Build a Dataset

To train a custom model, you will need to collect a dataset of training examples. Each example consists of a prompt, which is a valid input text, and a completion, which is a correct output for that specific prompt.

🔢 How many examples do I need?

At least 50 training examples are required to train a custom model. If you upload a file that contains fewer than 50 examples, you will encounter an error. More is better, so provide as many examples as you can.

🧩 It's all about quantity?

No! Data quality and diversity matter as well, so it’s a good idea to go over your examples manually and make sure they accurately capture various aspects of your task. It's critical that your examples reflect the real-world distribution of your problem.

File Formats

The dataset must be submitted in a single .csv or .jsonl file.
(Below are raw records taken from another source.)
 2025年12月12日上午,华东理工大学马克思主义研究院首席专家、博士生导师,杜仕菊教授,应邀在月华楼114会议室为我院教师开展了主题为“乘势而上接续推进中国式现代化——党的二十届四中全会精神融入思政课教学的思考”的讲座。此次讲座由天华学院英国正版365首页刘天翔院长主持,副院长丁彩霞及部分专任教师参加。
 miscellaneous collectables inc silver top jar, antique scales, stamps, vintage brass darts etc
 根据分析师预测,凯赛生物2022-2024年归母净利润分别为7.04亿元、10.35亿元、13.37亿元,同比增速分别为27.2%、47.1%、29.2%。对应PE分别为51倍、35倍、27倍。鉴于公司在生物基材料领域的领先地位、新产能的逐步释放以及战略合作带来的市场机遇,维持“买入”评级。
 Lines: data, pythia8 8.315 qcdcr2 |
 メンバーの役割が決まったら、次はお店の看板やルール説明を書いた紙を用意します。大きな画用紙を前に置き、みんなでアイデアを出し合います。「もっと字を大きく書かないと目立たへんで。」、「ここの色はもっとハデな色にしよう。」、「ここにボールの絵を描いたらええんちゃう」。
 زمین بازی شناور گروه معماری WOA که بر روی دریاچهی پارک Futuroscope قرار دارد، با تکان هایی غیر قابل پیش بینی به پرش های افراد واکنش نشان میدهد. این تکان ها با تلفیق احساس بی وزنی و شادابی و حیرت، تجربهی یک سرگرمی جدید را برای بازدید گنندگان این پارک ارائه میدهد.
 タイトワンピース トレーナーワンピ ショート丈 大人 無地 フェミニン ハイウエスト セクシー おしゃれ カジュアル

We recommend using a .jsonl file due to better handling of line breaks.

If you are submitting a .csv file, it should have two columns labeled "prompt" and "completion". Each row should contain a single training example, with no empty rows in between.
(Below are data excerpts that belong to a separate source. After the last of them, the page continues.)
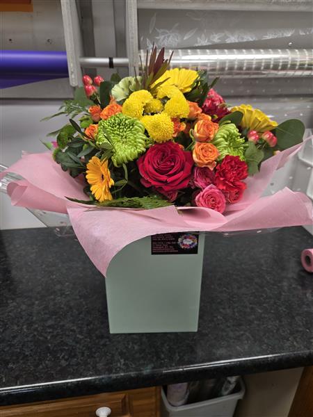 A vibrant and lively boxed arrangement of beautiful bright flowers including roses and carnations with lush foliage, a bouquet to bring joy and brightness to any occasion.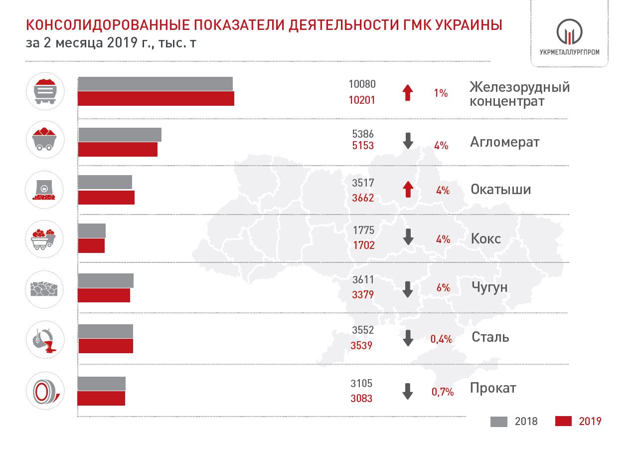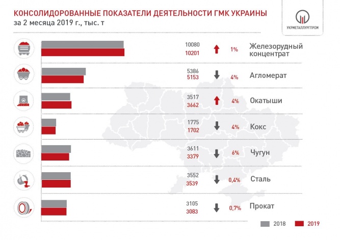 Результаты деятельности ГМК Украины в феврале и за два месяца 2019 года
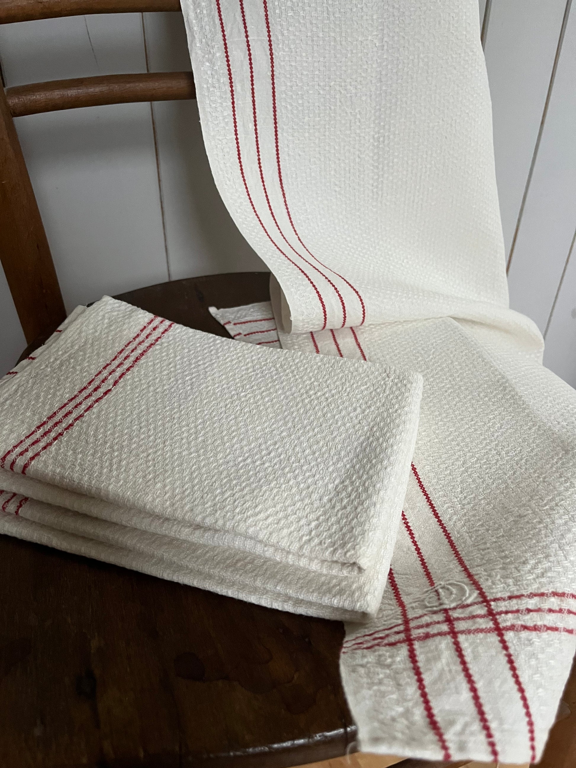 Tuch oder schon Tischläufer? Beides ist möglich. Mit den Maßen 100 x 43 cm kann man dieses Tuch vielfältig einsetzen. Es ist aus kräftigem, wunderschönem alten Bauernleinen genäht. Das Leinen wurde von Hand gewebt. Es hat eine Struktur, ähnlich Waffelmuster, einen Aufhänger und rote Streifen. Es stammt aus den 1940er Jahren und wurde nie benutzt, nur verwahrt. Ist toll erhalten, braucht vor dem ersten Einsatz einen Waschgang. In diesem Tuch ist die Flachfaser wunderbar zu erkennen. Es ist chemisch unbehandelt, reines Leinen, über 100 Jahre alt.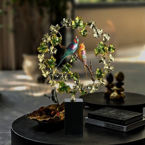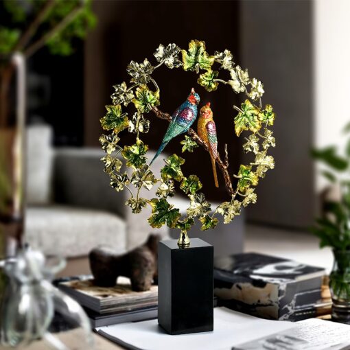 Tác phẩm thường được chế tác từ những chất liệu cao cấp như đồng, pha lê, hợp kim mạ vàng, hoặc đá quý, mang đến vẻ đẹp sang trọng và sự tinh tế. Bên cạnh đó, tượng đôi chim uyên ương thường được thiết kế với những họa tiết hoa lá, cành cây hoặc vòng nguyệt quế, tạo nên một tổng thể hài hòa và ý nghĩa.
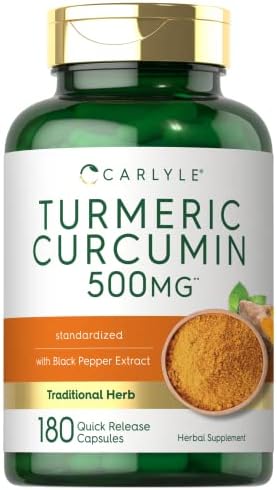Carlyle Turmeric Curcumin Supplement 500 mg | 180 Capsules | with Black Pepper Extract | Non-GMO & Gluten Free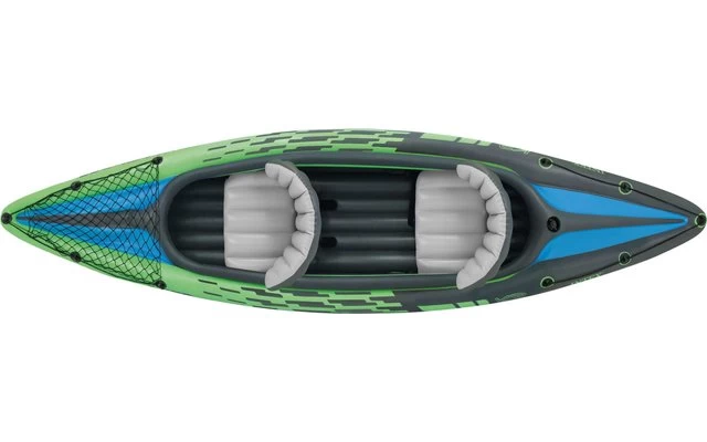 Sport-Kajak für bis zu 2 Personen geeignet! Inklusive Paddel und Pumpe, mit einzeln aufblasbaren Sitzteilen für bequemes Sitzen und ausreichend Platz. Farbe: schwarz-grün im sportlichen Design.

If you are submitting a .jsonl file, each line in the file should be a JSON dictionary with two fields: "prompt" and "completion".

Below is a simple example for both .csv and .jsonl formats:

prompt,completion
"Where was the steam engine invented?",England
"In what year did the US gain its independence?",1776
"Who was the longest reigning roman emperor?",Augustus
{"prompt": "Where was the steam engine invented?\n", "completion": "England"}
{"prompt": "In what year did the US gain its independence?\n", "completion": "1776"}
{"prompt": "Who was the longest reigning roman emperor?\n", "completion": "Augustus"}

🛑 Common Errors

❗️

Uploading a file with fewer than two columns or with inconsistent columns in different lines will result in an error.

You may upload files with different column names - in which case, you will be prompted to identify the desired prompt column and the desired completion column.

❗️

Completions cannot be empty.

However, prompts can be empty.